▶ Aim of the task
From the line with "O Enfeite Decorativo" to the line with "ЛОГОТИП ВЫПОЛНЕН ИЗ", retype each line exactly as it stands in the records below, but skip the pictures.

*** Data shown Section Begins ***

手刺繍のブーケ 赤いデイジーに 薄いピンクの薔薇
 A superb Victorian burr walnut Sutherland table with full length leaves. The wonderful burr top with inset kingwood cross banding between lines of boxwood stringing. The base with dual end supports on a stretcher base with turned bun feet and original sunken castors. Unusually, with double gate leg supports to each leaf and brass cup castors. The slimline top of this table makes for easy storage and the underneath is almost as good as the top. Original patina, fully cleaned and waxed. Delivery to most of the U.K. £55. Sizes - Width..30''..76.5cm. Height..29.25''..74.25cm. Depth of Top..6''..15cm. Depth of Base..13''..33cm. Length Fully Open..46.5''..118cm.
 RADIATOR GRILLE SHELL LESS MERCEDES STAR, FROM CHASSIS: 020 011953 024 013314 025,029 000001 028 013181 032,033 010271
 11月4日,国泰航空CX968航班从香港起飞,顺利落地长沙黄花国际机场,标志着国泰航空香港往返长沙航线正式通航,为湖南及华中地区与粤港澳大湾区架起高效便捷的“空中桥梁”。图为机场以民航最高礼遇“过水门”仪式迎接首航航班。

*** Data shown Section Ends ***
*** Data shown Section Begins ***

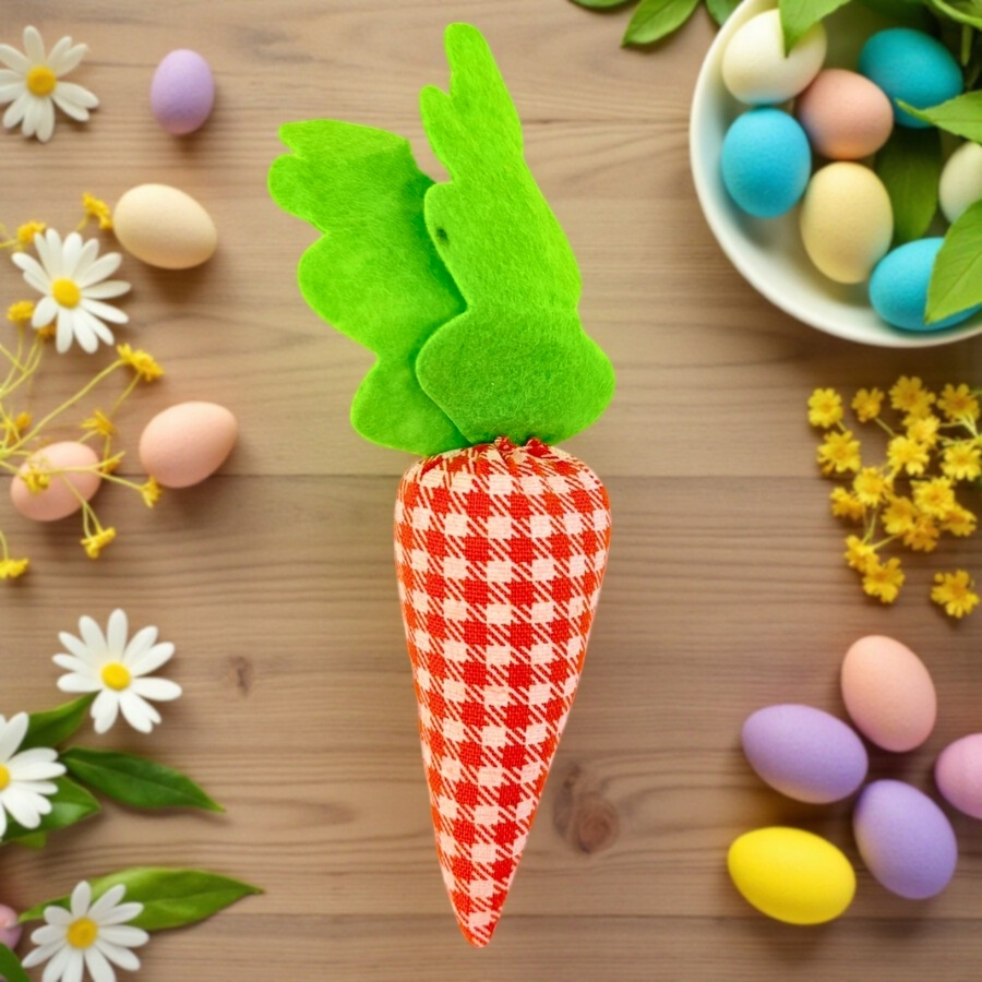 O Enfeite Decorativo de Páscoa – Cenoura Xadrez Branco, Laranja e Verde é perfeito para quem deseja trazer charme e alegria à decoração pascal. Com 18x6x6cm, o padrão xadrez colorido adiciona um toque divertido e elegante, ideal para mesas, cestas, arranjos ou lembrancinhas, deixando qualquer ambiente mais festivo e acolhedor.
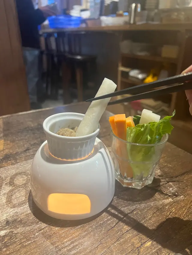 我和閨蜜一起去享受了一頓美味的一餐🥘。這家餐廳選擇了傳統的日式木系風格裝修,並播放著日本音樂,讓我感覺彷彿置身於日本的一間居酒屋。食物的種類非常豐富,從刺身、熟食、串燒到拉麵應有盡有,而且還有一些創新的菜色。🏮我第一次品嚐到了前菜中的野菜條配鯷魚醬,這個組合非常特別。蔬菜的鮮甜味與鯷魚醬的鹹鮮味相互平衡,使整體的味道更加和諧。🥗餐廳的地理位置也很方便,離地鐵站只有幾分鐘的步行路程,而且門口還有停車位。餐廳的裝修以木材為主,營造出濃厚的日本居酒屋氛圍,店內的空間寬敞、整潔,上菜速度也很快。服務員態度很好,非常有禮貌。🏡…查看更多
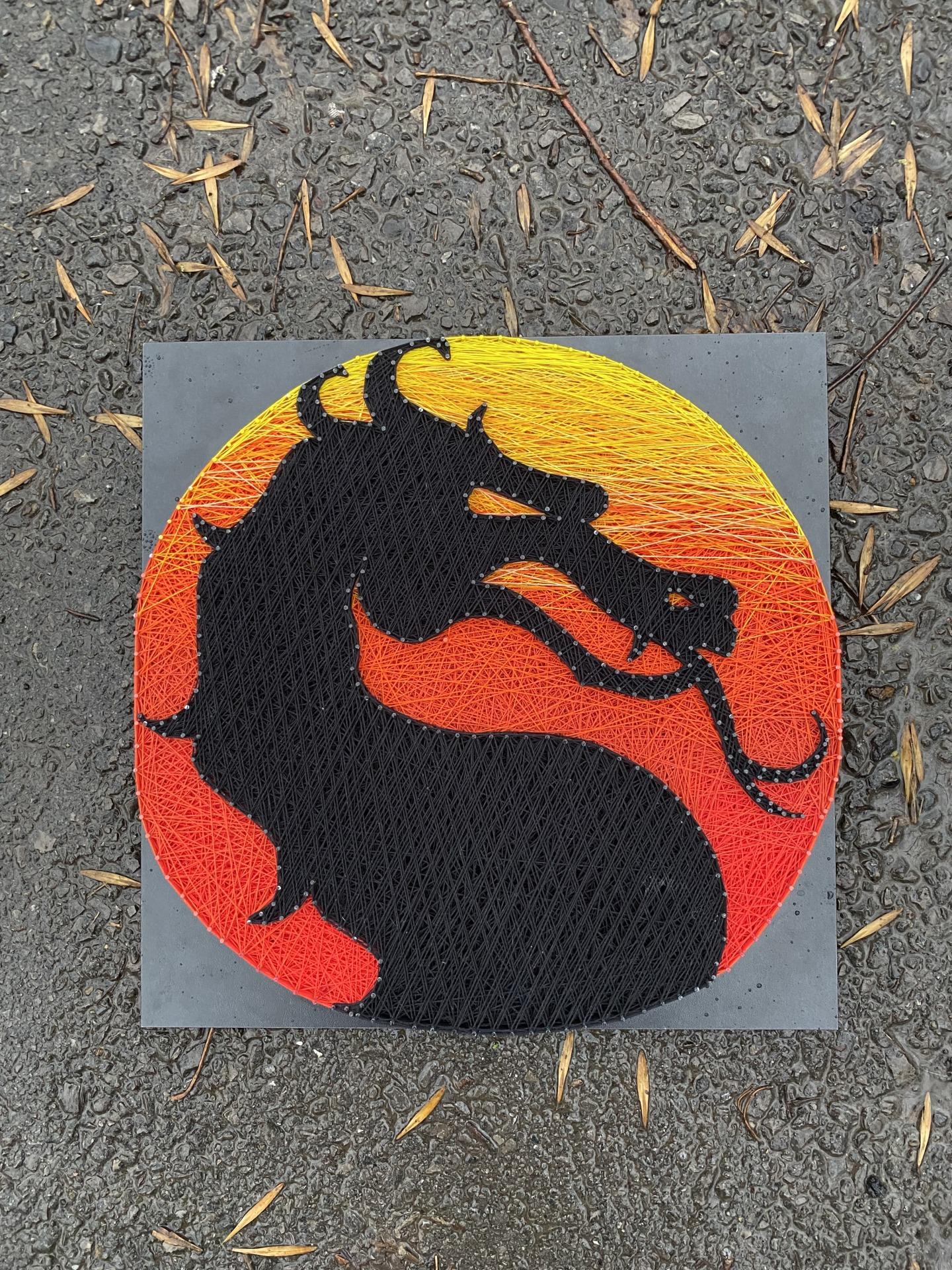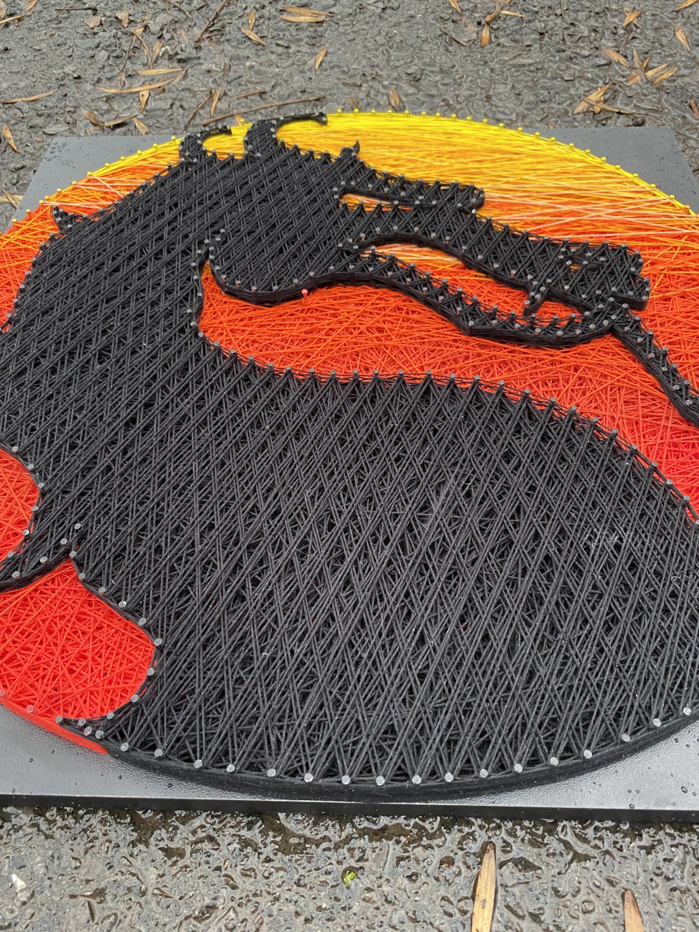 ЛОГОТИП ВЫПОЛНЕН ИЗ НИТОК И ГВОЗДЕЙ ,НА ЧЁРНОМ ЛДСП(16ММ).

*** Data shown Section Ends ***

▶ Worked solution
 O Enfeite Decorativo de Páscoa – Cenoura Xadrez Branco, Laranja e Verde é perfeito para quem deseja trazer charme e alegria à decoração pascal. Com 18x6x6cm, o padrão xadrez colorido adiciona um toque divertido e elegante, ideal para mesas, cestas, arranjos ou lembrancinhas, deixando qualquer ambiente mais festivo e acolhedor.
 我和閨蜜一起去享受了一頓美味的一餐🥘。這家餐廳選擇了傳統的日式木系風格裝修,並播放著日本音樂,讓我感覺彷彿置身於日本的一間居酒屋。食物的種類非常豐富,從刺身、熟食、串燒到拉麵應有盡有,而且還有一些創新的菜色。🏮我第一次品嚐到了前菜中的野菜條配鯷魚醬,這個組合非常特別。蔬菜的鮮甜味與鯷魚醬的鹹鮮味相互平衡,使整體的味道更加和諧。🥗餐廳的地理位置也很方便,離地鐵站只有幾分鐘的步行路程,而且門口還有停車位。餐廳的裝修以木材為主,營造出濃厚的日本居酒屋氛圍,店內的空間寬敞、整潔,上菜速度也很快。服務員態度很好,非常有禮貌。🏡…查看更多
 ЛОГОТИП ВЫПОЛНЕН ИЗ НИТОК И ГВОЗДЕЙ ,НА ЧЁРНОМ ЛДСП(16ММ).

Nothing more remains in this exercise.